- Born: October 22, 1920 New York, New York
- Died: December 11, 1991 (aged 71) Malibu, California
- Resting place: Hillside Memorial Park
- Education: Dartmouth College
- Occupations: Film and television producer, screenwriter
- Spouse: Carol Rapf
- Father: Harry Rapf
- Relatives: Maurice Rapf (brother)

= Matthew Rapf =

American film producer

Matthew Rapf (October 22, 1920 – December 11, 1991) was an American film and television producer and screenwriter. He was best known for producing The Loretta Young Show, Ben Casey, and Kojak.

==Biography==
Matthew Rapf was born in New York City on October 22, 1920, the son of MGM film producer Harry Rapf. His brother Maurice was a screenwriter (blacklisted in the 1940s) and film professor.

After graduating from Dartmouth College in 1942, he served as a lieutenant (junior grade) in the U.S. Navy during World War II. Returning to civilian life, he followed in his father's and brother's footsteps into filmmaking and was hired by MGM to be part of a production group headed by Charles Schnee. His first credit was for writing and producing the 1948 Western Adventures of Gallant Bess. In 1952 he wrote and produced the noir film The Sellout. After this he worked primarily as a producer, on films such as Big Leaguer and Half a Hero.

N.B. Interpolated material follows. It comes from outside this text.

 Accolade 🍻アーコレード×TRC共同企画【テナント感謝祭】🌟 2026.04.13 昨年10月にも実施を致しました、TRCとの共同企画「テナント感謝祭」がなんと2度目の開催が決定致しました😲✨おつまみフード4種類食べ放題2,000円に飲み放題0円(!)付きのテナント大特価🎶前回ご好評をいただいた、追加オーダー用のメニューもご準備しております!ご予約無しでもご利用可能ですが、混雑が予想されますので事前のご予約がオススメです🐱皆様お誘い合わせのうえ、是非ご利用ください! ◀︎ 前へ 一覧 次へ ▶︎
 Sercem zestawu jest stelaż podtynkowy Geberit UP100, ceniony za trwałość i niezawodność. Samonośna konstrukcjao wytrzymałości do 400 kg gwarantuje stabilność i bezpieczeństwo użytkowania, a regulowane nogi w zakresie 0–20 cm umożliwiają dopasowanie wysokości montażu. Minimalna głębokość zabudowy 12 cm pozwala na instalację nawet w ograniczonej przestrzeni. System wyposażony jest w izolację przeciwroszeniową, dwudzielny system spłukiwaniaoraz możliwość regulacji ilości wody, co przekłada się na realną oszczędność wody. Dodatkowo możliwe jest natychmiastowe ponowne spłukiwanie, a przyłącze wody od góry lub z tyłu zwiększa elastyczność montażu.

Rapf next moved into television, signing a long-term contract with NBC in 1955, and producing series for them such as The Great Gildersleeve, Frontier, Jefferson Drum, and Ben Casey.

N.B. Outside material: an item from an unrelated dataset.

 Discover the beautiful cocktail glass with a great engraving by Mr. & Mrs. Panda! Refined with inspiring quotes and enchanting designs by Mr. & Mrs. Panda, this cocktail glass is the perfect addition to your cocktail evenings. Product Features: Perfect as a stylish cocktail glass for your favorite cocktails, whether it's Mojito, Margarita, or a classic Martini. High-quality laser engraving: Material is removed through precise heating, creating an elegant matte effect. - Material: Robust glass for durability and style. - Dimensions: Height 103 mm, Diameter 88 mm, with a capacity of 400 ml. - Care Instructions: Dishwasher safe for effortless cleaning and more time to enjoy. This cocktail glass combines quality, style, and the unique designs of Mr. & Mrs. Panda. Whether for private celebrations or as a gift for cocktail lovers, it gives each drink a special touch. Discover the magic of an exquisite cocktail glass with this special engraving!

In 1973 he produced the TV film The Marcus-Nelson Murders, starring Telly Savalas as police lieutenant Theo Kojak. Though not originally intended as a pilot, it became the basis of one of Rapf's most successful series, Kojak. He would be nominated for three Emmy Awards for his work on the film and show.

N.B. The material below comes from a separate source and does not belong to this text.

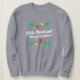 Ein lustiger, hässlicher Weihnachtspulli in Spanisch und Englisch. Es heißt "Kostüm Feliz navidad!" und "Frohe Weihnachten." Das Design ist sehr festlich, aber einfach.

He was married to prominent real estate agent Carol Rapf.

Matthew Rapf died in Malibu on December 11, 1991, after a bout of influenza.

==Filmography==

===Film===

- 1948 Adventures of Gallant Bess (screenwriter, producer)
- 1951 No Questions Asked (associate producer)
- 1952 The Sellout (story, producer)
- 1952 Desperate Search (producer)
- 1953 Big Leaguer (producer)
- 1953 Half a Hero (producer)

===Television===
- 1953–1954 The Loretta Young Show (producer)
- 1953–1954 The Web (producer)
- 1955 The Challenge (TV movie; producer)
- 1955–1956 The Great Gildersleeve (producer)
- 1955–1956 Frontier (producer)
- 1957 The Web (producer)
- 1958 Jefferson Drum (producer)
- 1960 Two Faces West (producer)
- 1961–1964 Ben Casey (producer)
- 1964–1965 Slattery's People (producer)
- 1967–1968 Iron Horse (executive producer)
- 1968 Shadow on the Land (TV movie; producer)
- 1970–1971 The Young Lawyers (producer)
- 1971 Terror in the Sky (TV movie; producer)
- 1972 Hardcase (TV movie; producer)
- 1973 The Marcus-Nelson Murders (TV movie; producer)
- 1973–1978 Kojak (story, producer)
- 1975 Crime Club (TV movie; executive producer)
- 1975 One of Our Own (TV movie; executive producer)
- 1975–1976 Doctors' Hospital (executive producer)
- 1976–1977 Switch (executive producer)
- 1979 Doctors' Private Lives (miniseries; producer)
- 1979 Eischied (supervising producer)
- 1981 Gangster Wars (TV movie; executive producer)
- 1981 The Gangster Chronicles (miniseries; executive producer)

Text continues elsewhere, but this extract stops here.